# [What needs to be done]
Below are some entries. Transcribe the lines from the one holding "Vector illustration of" to the one holding "2025년 한밝달(1월) 소식지 작성자", inclusive, but not the pictures among them.

# [Data section]
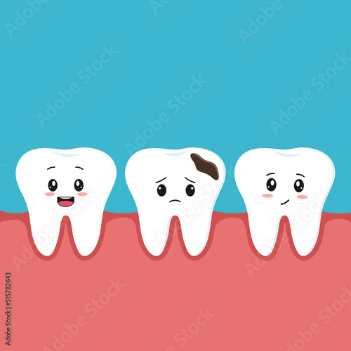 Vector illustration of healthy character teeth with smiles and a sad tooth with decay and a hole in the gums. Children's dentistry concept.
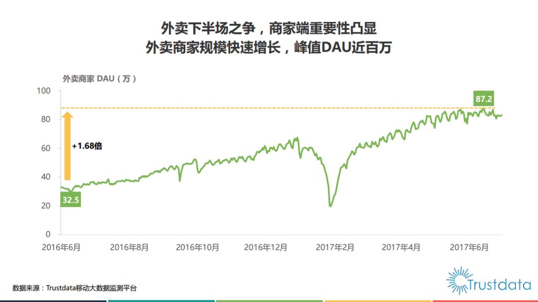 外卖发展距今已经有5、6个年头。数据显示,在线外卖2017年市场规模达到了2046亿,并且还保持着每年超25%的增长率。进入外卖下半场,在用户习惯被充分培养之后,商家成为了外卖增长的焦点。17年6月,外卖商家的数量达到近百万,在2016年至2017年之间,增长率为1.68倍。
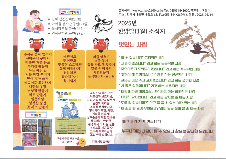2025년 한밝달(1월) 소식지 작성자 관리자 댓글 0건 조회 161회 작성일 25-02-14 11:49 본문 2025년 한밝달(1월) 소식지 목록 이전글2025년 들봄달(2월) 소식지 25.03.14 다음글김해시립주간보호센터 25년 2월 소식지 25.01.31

==

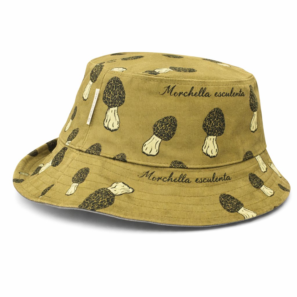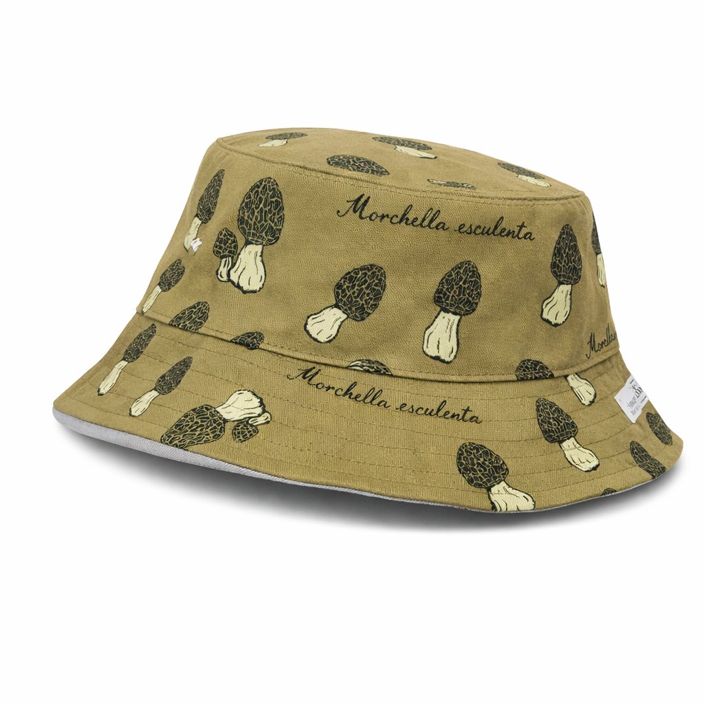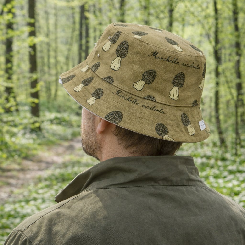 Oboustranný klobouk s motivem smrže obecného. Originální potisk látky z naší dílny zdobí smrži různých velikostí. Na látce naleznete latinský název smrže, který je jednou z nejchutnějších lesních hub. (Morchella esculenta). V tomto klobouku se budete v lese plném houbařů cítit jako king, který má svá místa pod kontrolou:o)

* * *

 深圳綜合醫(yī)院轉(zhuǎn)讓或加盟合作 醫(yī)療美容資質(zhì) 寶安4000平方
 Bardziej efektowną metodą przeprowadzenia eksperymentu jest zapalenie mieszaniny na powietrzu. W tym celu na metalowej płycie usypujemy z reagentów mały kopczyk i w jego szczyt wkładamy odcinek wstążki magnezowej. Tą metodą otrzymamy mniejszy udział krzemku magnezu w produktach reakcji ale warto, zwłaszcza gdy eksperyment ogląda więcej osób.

# [Response]
 Vector illustration of healthy character teeth with smiles and a sad tooth with decay and a hole in the gums. Children's dentistry concept.
 外卖发展距今已经有5、6个年头。数据显示,在线外卖2017年市场规模达到了2046亿,并且还保持着每年超25%的增长率。进入外卖下半场,在用户习惯被充分培养之后,商家成为了外卖增长的焦点。17年6月,外卖商家的数量达到近百万,在2016年至2017年之间,增长率为1.68倍。
2025년 한밝달(1월) 소식지 작성자 관리자 댓글 0건 조회 161회 작성일 25-02-14 11:49 본문 2025년 한밝달(1월) 소식지 목록 이전글2025년 들봄달(2월) 소식지 25.03.14 다음글김해시립주간보호센터 25년 2월 소식지 25.01.31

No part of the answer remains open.